24 Eylül 2024 Salı

Bursa’da işçi sınıfı ve devrimin güncelliği paneli

Atılım Gazetesinin 25. yılı dolayısıyla gerçekleştirilen panelde konuşan sosyalist yazar Mukaddes Erdoğdu Çelik, sınıf çelişkisi yanında cins çelişkisini okumayan bir tarih-toplum okumasının dönüştürücü gücünü yitirerek zayıfladığını vurguladı. 
 

Atılım Gazetesinin 25. yıl dönümü dolayısıyla Bursa’da “İşçi Sınıfı ve Devrimin Güncelliği” başlıklı panel gerçekleştirildi. Sosyalist yazar Mukaddes Erdoğdu Çelik ve Atılım Gazetesi yazarı Deniz Bakır’ın konuşmacı olarak katıldığı panel, devrim şehitleri için yapılan saygı duruşunun ardından, ESP adına yapılan konuşmayla başladı.

Atılım şahsında komünist hareketin 25 yıllık direniş çizgisi ve geleneğine dair vurguların yapıldığı konuşmada, işçi sınıfıyla komünist hareketin buluşmasının önemine değinildi. Rojava devrimini boğma amaçlı geliştirilen sömürgeci ve emperyalist kuşatmaya karşı direnişe ses verme çağrısı yapıldı.

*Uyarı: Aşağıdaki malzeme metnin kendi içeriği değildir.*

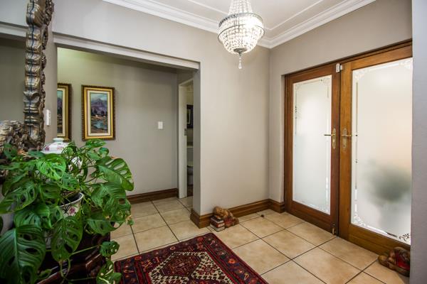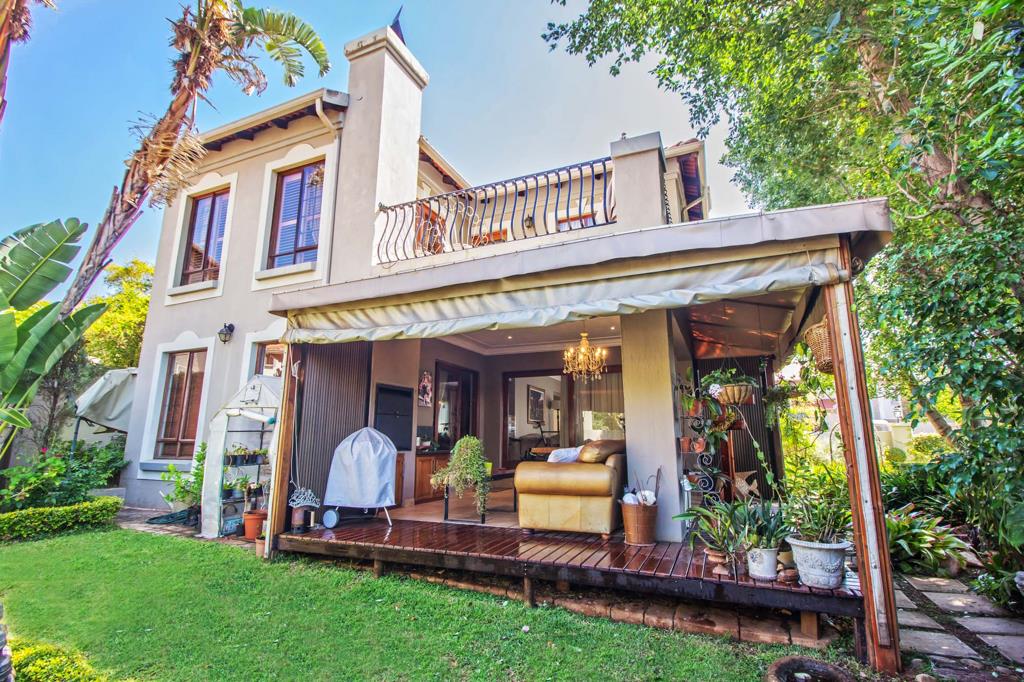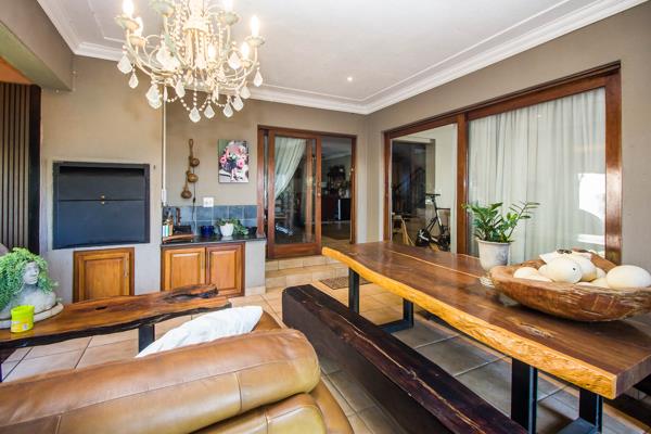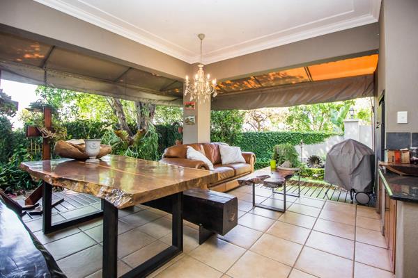 IndoorOutdoor Flow: A large, covered patio with a built-in braai and awnings extends the living space, perfect for year-round entertaining regardless of the weather. The house also features a smaller patiotea garden on the side. Both patios overlook the magnificent garden with automated irrigation.

ÖZNE OLARAK KOMÜNİSTLERE BU DÖNEMDE ÖZEL BİR ROL DÜŞÜYOR
Atılım Gazetesi yazarı Deniz Bakır, Atılım’ın 25. direniş yılını vurgulayarak konuşmasına başladı. İşçi sınıfı hareketini tarihsel misyonu ile buluşturacak olanın komünist öncünün her gün hayatın ve dünyanın dört yanında ortaya çıkan çelişkilerin ürünü olan hareketle ilişkisi olduğunu söyleyen Bakır, işçi sınıfı ve ezilenlerin 90’lardan bu yana geliştirdiği ayaklanmalardan örnekler verdi. Halihazırda dünyanın 40 ülkesinde ayaklanma ve geniş çaplı kitle direnişlerinin ve diğer taraftan da emperyalist kapitalist sistemin varoluşsal krizinin derinleştiğine dair bir dizi gelişmenin yaşandığını vurgulayan Bakır, devrimin tüm küreyi saran bir gerçeklik olarak insanlığın önüne geldiğini söyledi. İşçi sınıfının tarihsel bir özne olarak bu hareketi kucaklayarak sonucuna ulaştırabilecek sınıf olarak işaret eden Bakır, komünistlere bu bakımdan özel bir rol düştüğünü söyledi.

CİNS ÇELİŞKİSİNİ OKUYAMAYAN TARİHİN DÖNÜŞTÜRÜCÜ GÜCÜ ZAYIFLAR
Sosyalist yazar Mukaddes Erdoğdu Çelik de, devrimin güncelliği tartışmasını ayakları üzerine doğrultabilmek için söylenmeyen, yazılmayan, eksik bırakılana; yani kadın özgürlük mücadelesine ve onun programatik ifadesi olarak kadın devrimine değinmek gerektiğini vurgulayarak konuşmasına başladı.

Sınıf çelişkisi yanında cins çelişkisini okumayan bir tarih-toplum okumasının dönüştürücü gücünü yitirerek zayıfladığını vurgulayan Çelik, “İşçi sınıfı ve komünist hareketin yenilgisini biraz da buradan anlamak gerekir” dedi. İşçi sınıfı hareketi tarihinde kadınların sömürülmesinin gizli tarihine dair aktarımlarda bulunan Çelik, ev içi emeğin toplumsal düzenin yeniden üretiminde oynadığı role vurgu yaptı. 21. yüzyıl devrimlerinin kadın damgası taşıyacağını ifade eden Çelik, kadınların bütün devrimci süreçlerde olduğu gibi kendi talep ve programı ile tarihsel özne olarak yerini aldığını söyledi.

Panel, canlı tartışmaların yaşandığı soru-cevapla devam etti.